* DATA SEGMENT:
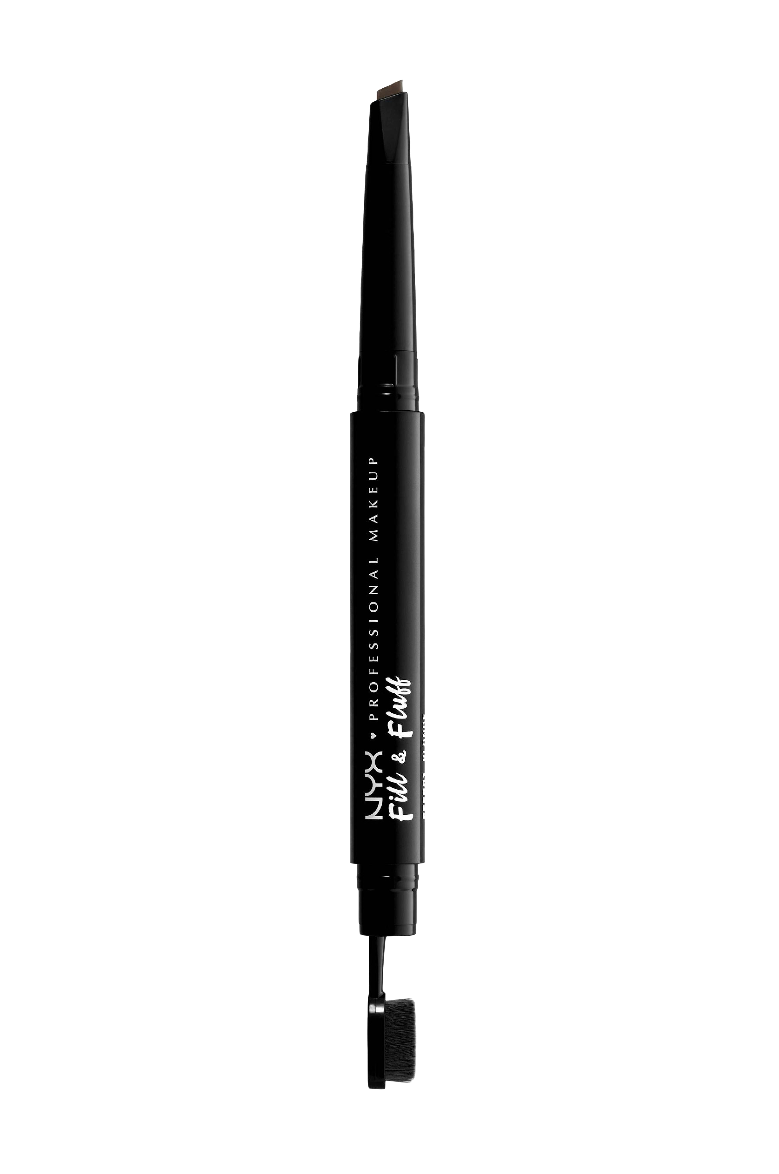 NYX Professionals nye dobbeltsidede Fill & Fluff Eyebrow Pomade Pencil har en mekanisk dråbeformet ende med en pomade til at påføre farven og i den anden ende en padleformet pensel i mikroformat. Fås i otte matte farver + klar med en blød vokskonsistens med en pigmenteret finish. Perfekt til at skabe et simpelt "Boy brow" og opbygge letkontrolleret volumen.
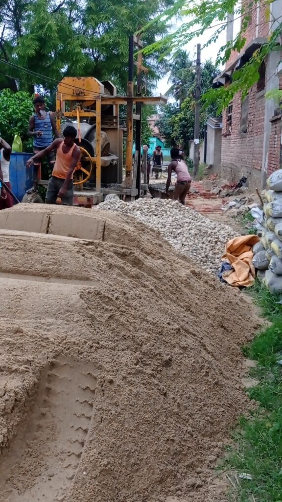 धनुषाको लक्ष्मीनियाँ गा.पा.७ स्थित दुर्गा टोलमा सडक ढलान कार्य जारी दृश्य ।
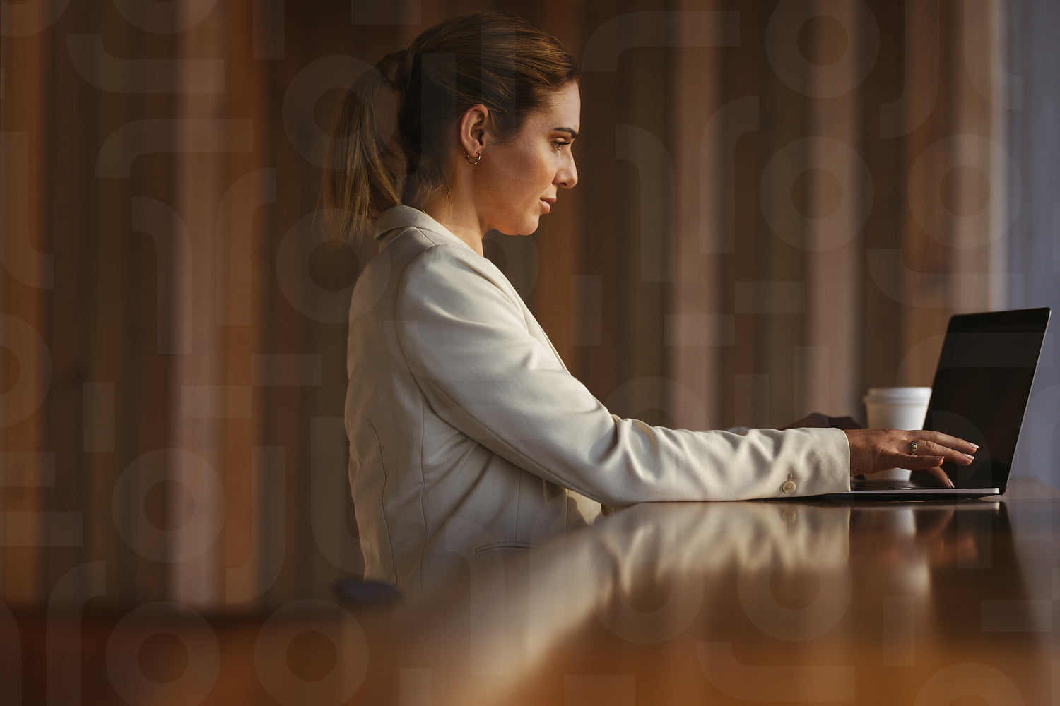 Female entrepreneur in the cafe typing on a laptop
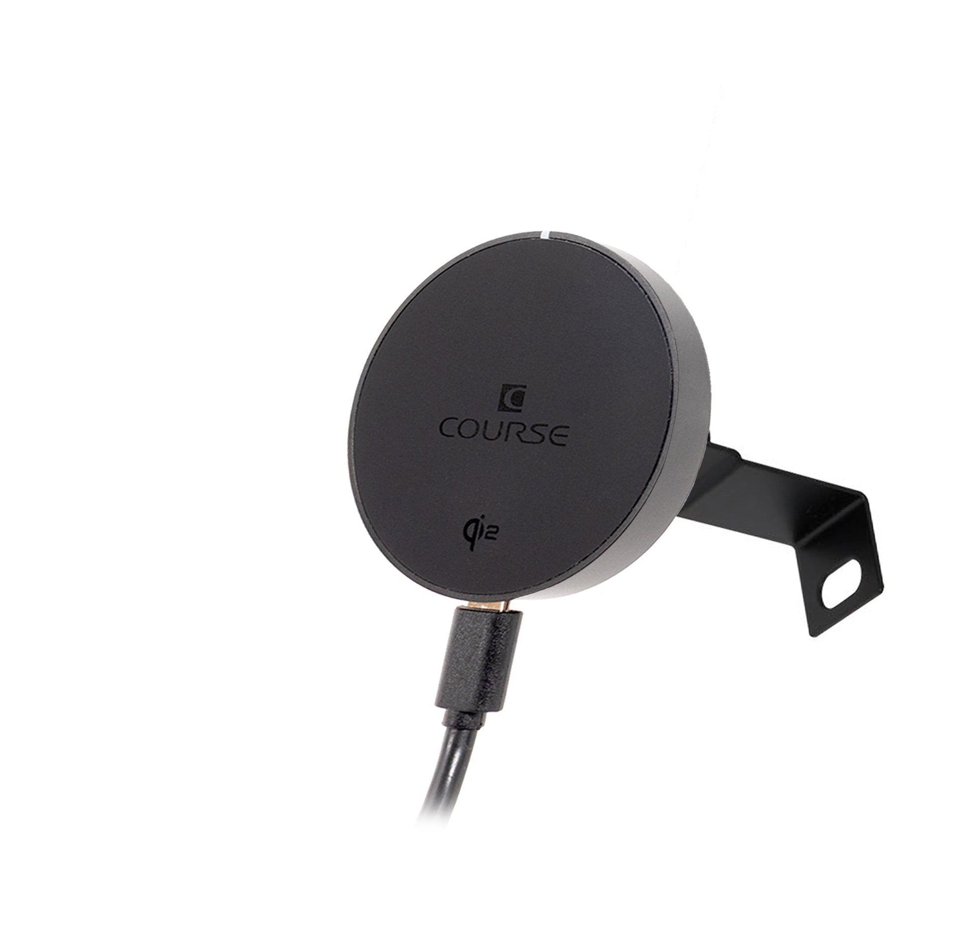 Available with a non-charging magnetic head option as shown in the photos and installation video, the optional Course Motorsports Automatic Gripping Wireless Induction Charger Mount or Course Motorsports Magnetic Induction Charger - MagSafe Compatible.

* REQUIRED ACTION: The data must be repeated exactly. Any pictures in it are to be left out.

* RESPONSE AREA:
 NYX Professionals nye dobbeltsidede Fill & Fluff Eyebrow Pomade Pencil har en mekanisk dråbeformet ende med en pomade til at påføre farven og i den anden ende en padleformet pensel i mikroformat. Fås i otte matte farver + klar med en blød vokskonsistens med en pigmenteret finish. Perfekt til at skabe et simpelt "Boy brow" og opbygge letkontrolleret volumen.
 धनुषाको लक्ष्मीनियाँ गा.पा.७ स्थित दुर्गा टोलमा सडक ढलान कार्य जारी दृश्य ।
 Female entrepreneur in the cafe typing on a laptop
 Available with a non-charging magnetic head option as shown in the photos and installation video, the optional Course Motorsports Automatic Gripping Wireless Induction Charger Mount or Course Motorsports Magnetic Induction Charger - MagSafe Compatible.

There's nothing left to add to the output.